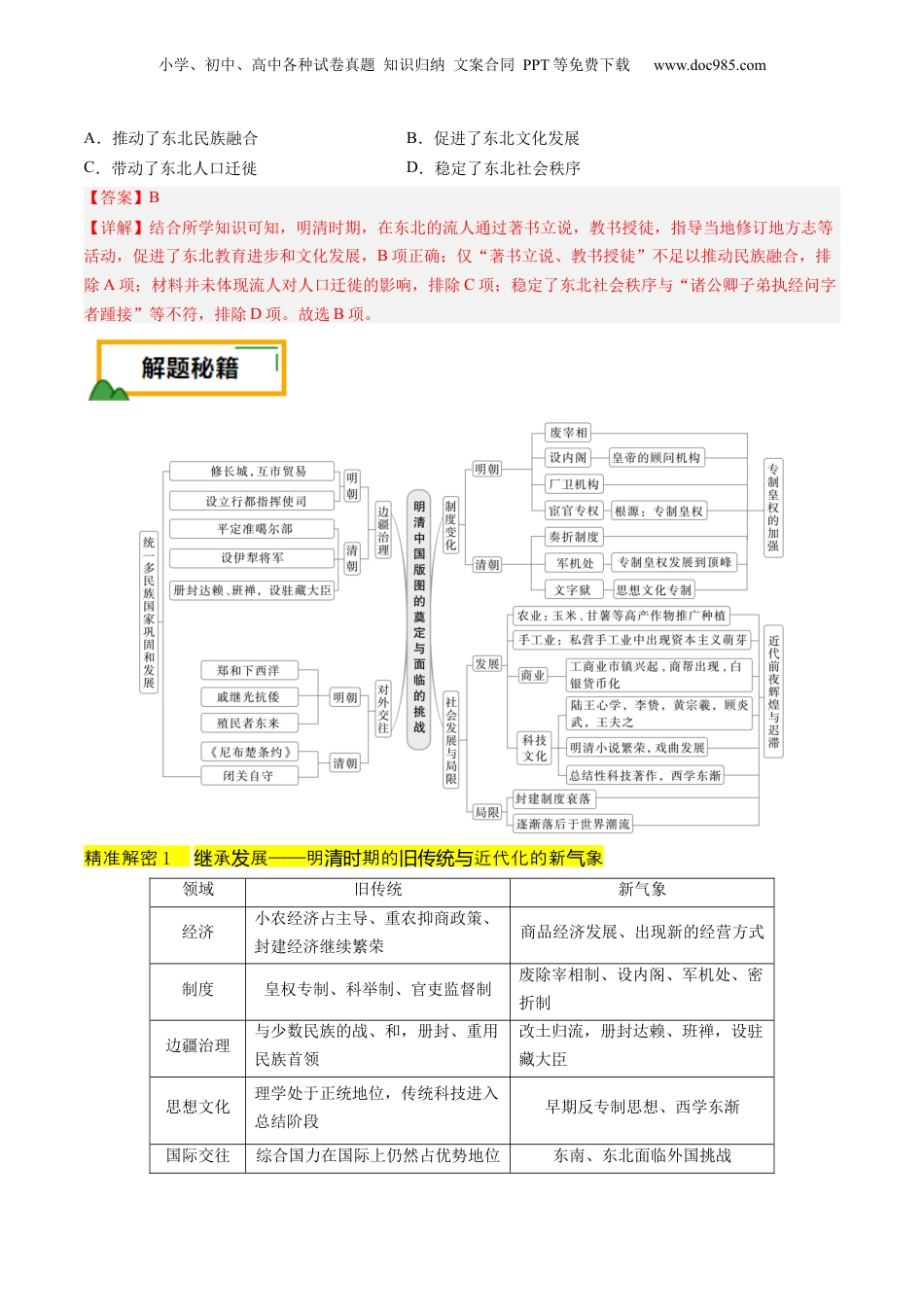 小学、初中、高中各种试卷真题知识归纳文案合同PPT等免费下载www.doc985.com押第5题(辽宁、黑龙江、吉林适用)明清时期:中国版图的奠定与危机考点分布考情统计命题规律2024考题预测明清民族关系2023·辽宁卷51.核心素养:史料实证、家国情怀、时空观念、唯物史观2.情境设计:多利用文献、图片史料创设学习情境、综合情境与学术情境,注重考查学生理解、运用材料,在唯物史观下对史事做出解释的能力,突出考查明清时期的时代特征。3.命题特点:从民族关系角度考察维护国家统一;时事振兴东北1.预测考向:以哈尔冰长春沈阳文旅为背景考查国家组织力增强2.特别留意:东北饮食风俗角度考察南北经济文化交流3.重点关注:东北话的推广查考民族融合明清文化2022·辽宁卷51.(2023·辽宁·高考真题)1749年,乾隆皇帝谕曰:“蒙古、汉人,同属臣民,如有书写之处,应称‘蒙古’‘内地’,不得以‘蒙’‘汉’字面混行填写,已屡经降旨。今马灵阿奏折,犹以‘夷’‘汉’二字分别名色,可见伊等全未留心。”此谕意在()A.加强中央集权B.维护国家一统C.调整民族关系D.规范文书体例【答案】B【详解】本题是单类型单项选择题。据本题主题干的设问词,可知这是目的题。据本题时间信息可知准确时空是:清朝(中国)。材料中乾隆皇帝的谕旨是要求在文书中不得用“蒙古”、“汉人”称呼蒙古族和汉族,而应称“蒙古”“内地”,这体现了清朝统治者对蒙古族和汉族一视同仁的民族政策,其意在维护国家一统,B项正确;材料没有涉及中央与地方的关系,排除A项;材料体现的是清朝统治者对蒙古族和汉族一视同仁的民族政策,而不是调整民族关系,排除C项;规范文书体例是对材料的误读,排除D项。故选B项。2.(2022·辽宁·高考真题)明清时期,一些谪戍东北的流人著书立说,教书授徒。如胡世宁谪戍辽东沈阳卫,“尝侨寓广宁,训诲生徒,学者宗焉”;陈梦雷曾指导修订地方志,“诸公卿子弟执经问字者踵接”。这反映出流人()小学、初中、高中各种试卷真题知识归纳文案合同PPT等免费下载www.doc985.comA.推动了东北民族融合B.促进了东北文化发展C.带动了东北人口迁徙D.稳定了东北社会秩序【答案】B【详解】结合所学知识可知,明清时期,在东北的流人通过著书立说,教书授徒,指导当地修订地方志等活动,促进了东北教育进步和文化发展,B项正确;仅“著书立说、教书授徒”不足以推动民族融合,排除A项;材料并未体现流人对人口迁徙的影响,排除C项;稳定了东北社会秩序与“诸公卿子弟执经问字者踵接”等不符,排除D项。故选B项。精准解密1承展——明期的近代化的新象继发清时旧传统与气领域旧传统新气象经济小农经济占主导、重农抑商政策、封建经济继续繁荣商品经济发展、出现新的经营方式制度皇权专制、科举制、官吏监督制废除宰相制、设内阁、军机处、密折制边疆治理与少数民族的战、和,册封、重用民族首领改土归流,册封达赖、班禅,设驻藏大臣思想文化理学处于正统地位,传统科技进入总结阶段早期反专制思想、西学东渐国际交往综合国力在国际上仍然占优势地位东南、东北面临外国挑战小学、初中、高中各种试卷真题知识归纳文案合同PPT等免费下载www.doc985.com精准解密2承古萌新——明期的思想文化的新化与清时变陆王心学背景程朱理学获得官方尊崇后,逐渐失去活力内容代表人物陆九渊(南宋)王守仁(明中期)核心主张心是万物的本原“致良知”“心外无物,心外无理”求理方法“发明本心”,内心反省知行合一评价①带有主观唯心主义倾向②强调主观能动性,激励人们奋发立志③隐含一定的平等和叛逆色彩进步思潮背景明末清初社会的剧烈动荡,促进了思想界的活跃主张①李贽提倡个性自由,蔑视权威和教条,甚至否定传统伦理道德标准②黄宗羲抨击君主专制制度,反对重农抑商观念,提出“工商皆本”③顾炎武、王夫之批判高度集权的政治制度精准解密3史解——明期社展的新象历释清时会经济发现货币经济活跃随着商品流通领域的扩大,社会上大量使用白银,商业资本日趋活跃农产品商品化农产品大量进入市场,棉花、茶叶等经济作物普遍种植工商业市镇兴起运河沿岸和江南地区,工商业市镇大量涌现长...
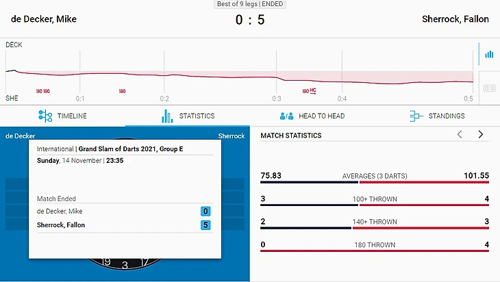 Группа, в которой произошло сразу два исторических события. Первое - Фэлон Шеррок смогла обыграть своего оппонента Майка де Деккера в сухую со счётом 5-0, при этом показав лучший средний набор для женщин на дартс турнирах за всю историю 101,55!!! Второе - Фэлон Шеррок стала первой женщиной, которая смогла попасть в плей-офф турнира Большого Шлема, обыграв "Немецкого гиганта" Габриэла Клеменса!!!!! Фэлон вышла со второго места вместе с Питером Райтом.
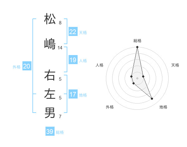 松嶋 右左男さんを姓名の画数から五運を鑑定

**ABOUT THIS EXERCISE**
Without including any picture, reproduce all of the material exactly.

**RESULT BELOW**
 小学、初中、高中各种试卷真题知识归纳文案合同PPT等免费下载www.doc985.com押第5题(辽宁、黑龙江、吉林适用)明清时期:中国版图的奠定与危机考点分布考情统计命题规律2024考题预测明清民族关系2023·辽宁卷51.核心素养:史料实证、家国情怀、时空观念、唯物史观2.情境设计:多利用文献、图片史料创设学习情境、综合情境与学术情境,注重考查学生理解、运用材料,在唯物史观下对史事做出解释的能力,突出考查明清时期的时代特征。3.命题特点:从民族关系角度考察维护国家统一;时事振兴东北1.预测考向:以哈尔冰长春沈阳文旅为背景考查国家组织力增强2.特别留意:东北饮食风俗角度考察南北经济文化交流3.重点关注:东北话的推广查考民族融合明清文化2022·辽宁卷51.(2023·辽宁·高考真题)1749年,乾隆皇帝谕曰:“蒙古、汉人,同属臣民,如有书写之处,应称‘蒙古’‘内地’,不得以‘蒙’‘汉’字面混行填写,已屡经降旨。今马灵阿奏折,犹以‘夷’‘汉’二字分别名色,可见伊等全未留心。”此谕意在()A.加强中央集权B.维护国家一统C.调整民族关系D.规范文书体例【答案】B【详解】本题是单类型单项选择题。据本题主题干的设问词,可知这是目的题。据本题时间信息可知准确时空是:清朝(中国)。材料中乾隆皇帝的谕旨是要求在文书中不得用“蒙古”、“汉人”称呼蒙古族和汉族,而应称“蒙古”“内地”,这体现了清朝统治者对蒙古族和汉族一视同仁的民族政策,其意在维护国家一统,B项正确;材料没有涉及中央与地方的关系,排除A项;材料体现的是清朝统治者对蒙古族和汉族一视同仁的民族政策,而不是调整民族关系,排除C项;规范文书体例是对材料的误读,排除D项。故选B项。2.(2022·辽宁·高考真题)明清时期,一些谪戍东北的流人著书立说,教书授徒。如胡世宁谪戍辽东沈阳卫,“尝侨寓广宁,训诲生徒,学者宗焉”;陈梦雷曾指导修订地方志,“诸公卿子弟执经问字者踵接”。这反映出流人()小学、初中、高中各种试卷真题知识归纳文案合同PPT等免费下载www.doc985.comA.推动了东北民族融合B.促进了东北文化发展C.带动了东北人口迁徙D.稳定了东北社会秩序【答案】B【详解】结合所学知识可知,明清时期,在东北的流人通过著书立说,教书授徒,指导当地修订地方志等活动,促进了东北教育进步和文化发展,B项正确;仅“著书立说、教书授徒”不足以推动民族融合,排除A项;材料并未体现流人对人口迁徙的影响,排除C项;稳定了东北社会秩序与“诸公卿子弟执经问字者踵接”等不符,排除D项。故选B项。精准解密1承展——明期的近代化的新象继发清时旧传统与气领域旧传统新气象经济小农经济占主导、重农抑商政策、封建经济继续繁荣商品经济发展、出现新的经营方式制度皇权专制、科举制、官吏监督制废除宰相制、设内阁、军机处、密折制边疆治理与少数民族的战、和,册封、重用民族首领改土归流,册封达赖、班禅,设驻藏大臣思想文化理学处于正统地位,传统科技进入总结阶段早期反专制思想、西学东渐国际交往综合国力在国际上仍然占优势地位东南、东北面临外国挑战小学、初中、高中各种试卷真题知识归纳文案合同PPT等免费下载www.doc985.com精准解密2承古萌新——明期的思想文化的新化与清时变陆王心学背景程朱理学获得官方尊崇后,逐渐失去活力内容代表人物陆九渊(南宋)王守仁(明中期)核心主张心是万物的本原“致良知”“心外无物,心外无理”求理方法“发明本心”,内心反省知行合一评价①带有主观唯心主义倾向②强调主观能动性,激励人们奋发立志③隐含一定的平等和叛逆色彩进步思潮背景明末清初社会的剧烈动荡,促进了思想界的活跃主张①李贽提倡个性自由,蔑视权威和教条,甚至否定传统伦理道德标准②黄宗羲抨击君主专制制度,反对重农抑商观念,提出“工商皆本”③顾炎武、王夫之批判高度集权的政治制度精准解密3史解——明期社展的新象历释清时会经济发现货币经济活跃随着商品流通领域的扩大,社会上大量使用白银,商业资本日趋活跃农产品商品化农产品大量进入市场,棉花、茶叶等经济作物普遍种植工商业市镇兴起运河沿岸和江南地区,工商业市镇大量涌现长...
 Группа, в которой произошло сразу два исторических события. Первое - Фэлон Шеррок смогла обыграть своего оппонента Майка де Деккера в сухую со счётом 5-0, при этом показав лучший средний набор для женщин на дартс турнирах за всю историю 101,55!!! Второе - Фэлон Шеррок стала первой женщиной, которая смогла попасть в плей-офф турнира Большого Шлема, обыграв "Немецкого гиганта" Габриэла Клеменса!!!!! Фэлон вышла со второго места вместе с Питером Райтом.
 松嶋 右左男さんを姓名の画数から五運を鑑定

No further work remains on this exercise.